Prep Time: 10 minutes | Cook Time: 5 minutes | Total Time: 15 minutes | Servings: 6-8


Why I Love This Recipe

This is one of those recipes that looks impressive but couldn't be easier. Sweet grilled peaches, creamy burrata, salty prosciutto, and a drizzle of hot honey create the perfect balance of flavors. It's the kind of appetizer that disappears quickly whenever I set it out, and it feels like summer on a platter.


Ingredients

  • 4 ripe peaches, halved and pitted

  • 1 tbsp olive oil

  • 2 balls burrata cheese

  • 4 oz prosciutto, torn into ribbons

  • 2 tbsp hot honey

  • ¼ cup fresh basil leaves

  • Flaky sea salt

  • Freshly cracked black pepper

For Serving

  • Toasted sourdough slices or crostini


Instructions

  1. Preheat a grill or grill pan to medium-high heat.
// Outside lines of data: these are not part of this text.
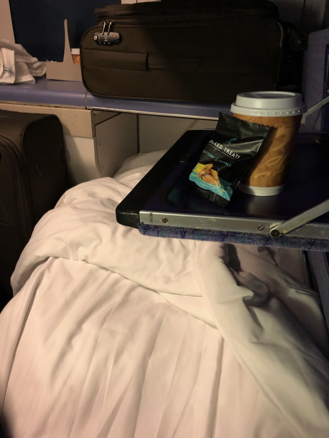 We squeezed our suitcases along the corridor and into our berth as our friendly attendant explained the morning process, offering a wake-up call and whether we’d like tea, coffee, or juice in the morning.
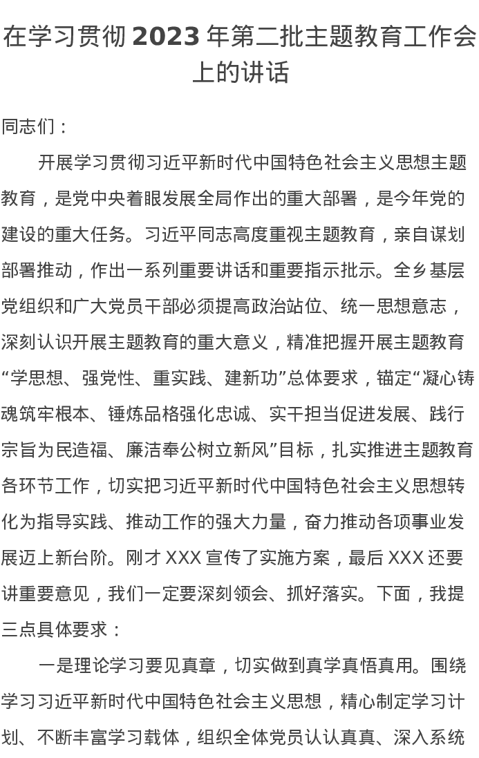 在学习贯彻2023年第二批主题教育工作会上的讲话(特色社会主义思想)
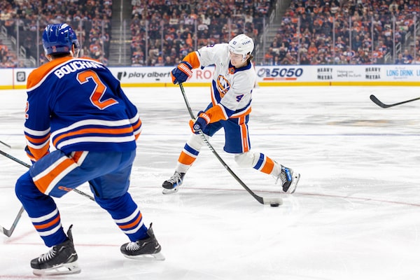New York Islanders' rookie Matthew Schaefer (48) is living up to his top-pick billing, with the blue liner scoring 35 points in the first 53 games of his career.FRED GREENSLADE/The Canadian Press
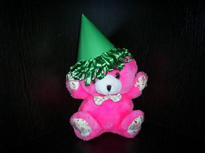 Наш чудесный праздничный колпак подошел вот такому игрушечному мишке, но такое украшение можно вполне сделать и ребенку, и взрослому. Для этого берите картон большего размера. Рассчитывайте так, чтобы диаметр круга была равен окружности головы.
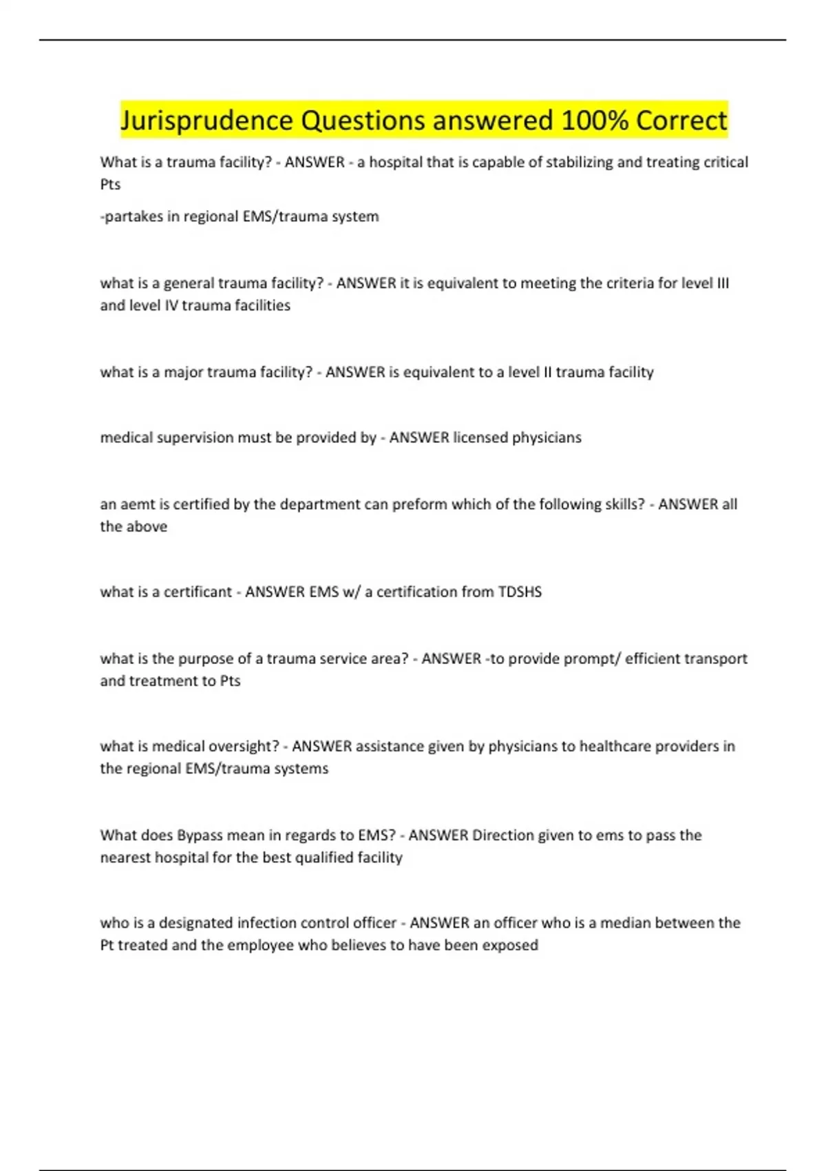 Jurisprudence Study Guide Questions answered 100% Correc
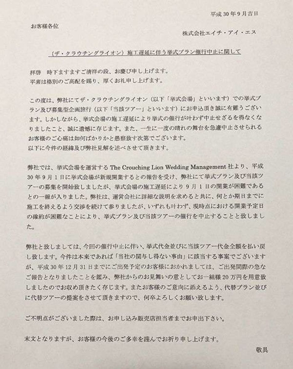 ところが9月4日、HISから耳を疑う知らせが届いた。CLの施工遅れによる式場のキャンセル。なぜもっと早く知らせてくれなかったのか、と抗議するA子さんに対し、HISの担当者は謝罪するのみ。代金返金のうえ補償金20万円を支払うと説明されたが、すでに予定を組んでいる親戚、友人たちの都合はどうなるのか……。A子さんは途方に暮れた。 同プランに申し込んでいた別の男性は、HISから送られてきた報告の手紙に対して憤る。 「そこには〈本来であれば「当社の関与し得ない事由」に該当する事案でございますが〉などと書かれており、謝罪の言葉もありません」H.I.S.ハワイ結婚式“ドタキャン”260件で大トラブル | 文春オンライン

  2. Lightly brush the cut side of the peaches with olive oil.

  3. Place peaches cut-side down on the grill and cook for 2–3 minutes, until grill marks appear and the peaches are slightly softened. Remove and allow to cool for a few minutes.

  4. Arrange the grilled peaches on a large serving platter.

  5. Tear the burrata into pieces and nestle it between the peaches.

  6. Drape the prosciutto around the platter.

  7. Drizzle with hot honey and finish with fresh basil leaves.

  8. Sprinkle lightly with flaky sea salt and freshly cracked black pepper.

  9. Serve immediately with toasted sourdough or crostini.


Notes

  • Choose peaches that are ripe but still firm enough to hold their shape on the grill.

  • Burrata is best served at room temperature, so remove it from the refrigerator about 30 minutes before serving.

  • Nectarines work beautifully if peaches aren't available.

  • If you prefer a little extra brightness, add a squeeze of fresh lemon juice just before serving.

  • Assemble right before serving for the freshest presentation.


Nicole's Hosting Tip

Serve this as guests arrive with a chilled glass of rosé or sparkling water. Pair it with marinated olives and toasted sourdough, and you've got an effortless appetizer that feels special without a lot of work.